いぶりがっこのレアチーズケーキが完成 8月に秋田で先行販売

秋田の伝統食品いぶりがっこを使ったケーキが今夏から提供される。業務用ケーキ製造の正木牧場(大阪市)と外食店などを展開するドリームリンク(秋田市)、スタートアップのAnique(アニーク、秋田県北秋田市)が組み、商品を完成させた。

20日に秋田市で試食会を開いた。完成品はスポンジの上に細かく刻んだいぶりがっこをあえた層をつくり、その上にクリームチーズが乗る。関係者からは「甘みと塩味のバランスが良い」「口に入れる前に香りが感じられる」などの発言があった。
アニークが地元食材の活用を企画し正木牧場が製造、ドリームリンクが仕入れホテルのレストランなどで提供する。9月からの販売を予定しているが、秋田県では秋田竿燈まつりが開催される8月の先行販売に向けて調整する。
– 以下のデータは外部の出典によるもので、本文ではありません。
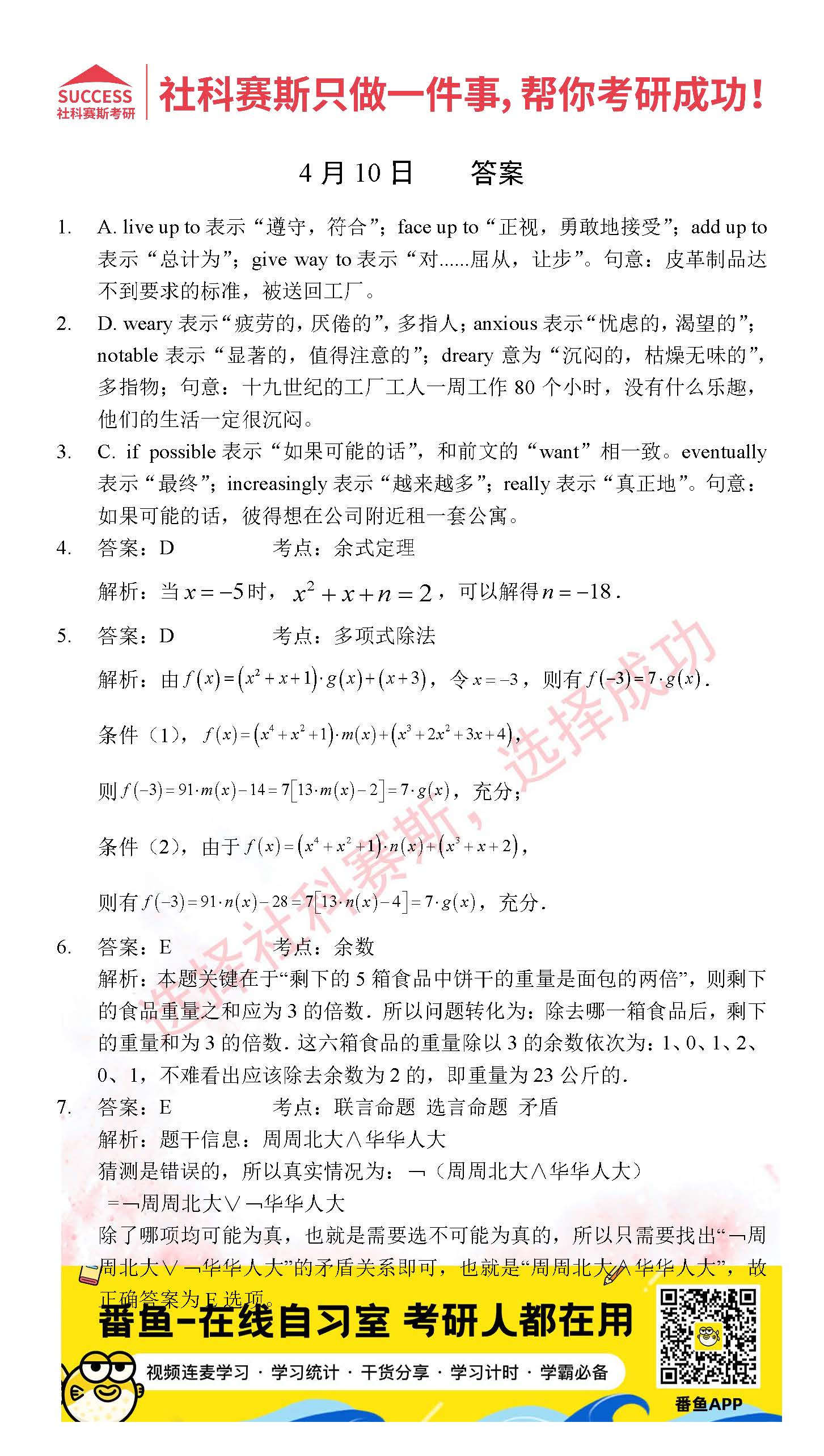 ?以上就是社科賽斯考研網小編為大家整理2022考研每日一練:4月10日管理類聯考每日一練及答案的全部內容,希望各位考生堅持利用起來,更多每日一練內容請持續關注社科賽斯考研網
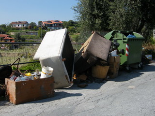 "Invio due immagini scattate nell'immediato entroterra di Porto Maurizio, tra la chiesa di San Benedetto (Artallo) e la frazione di Massabovi. Come si vede, di fianco ai cassonetti dei rifiuti, è stato ammucchiato di tutto (divani, carriola, materiale plastico, metallico, vetro, cartoni,ecc.). E' una situazione che si ripete puntualmente; purtroppo è molto difficile trovare i responsabili. Speriamo solo che l'Eco Imperia riesca a rimuovere il materiale prima di Pasqua, quando la strada, definita panoramica, sarà passaggio (meteo permettendo) di numerosi turisti".
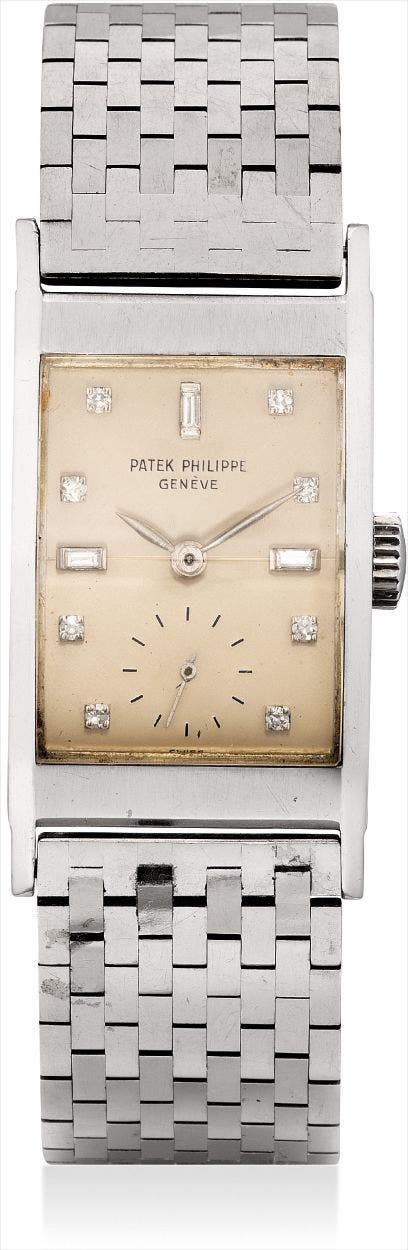 A rare platinum and diamond-set rectangular wristwatch with associated bracelet

漬物をケーキの材料に使用するのは正木牧場では初めてという。「本来は合わない組み合わせだが、いぶりがっこはチーズとの相性は良い。数回の試作で味のバランスを見つけた」(正木牧場の田中将司氏)という。ドリームリンクの最上明彦副社長は「定番メニューとして十分提供できる」と意気込みを示した。
いぶりがっこはダイコンの漬物を燻製(くんせい)にした秋田の特産品で独特の香りと味わいが日本酒、洋酒を問わず合うと人気が高い。食材としても利用が広がるほか、海外でも注目され輸出を手がける業者もある。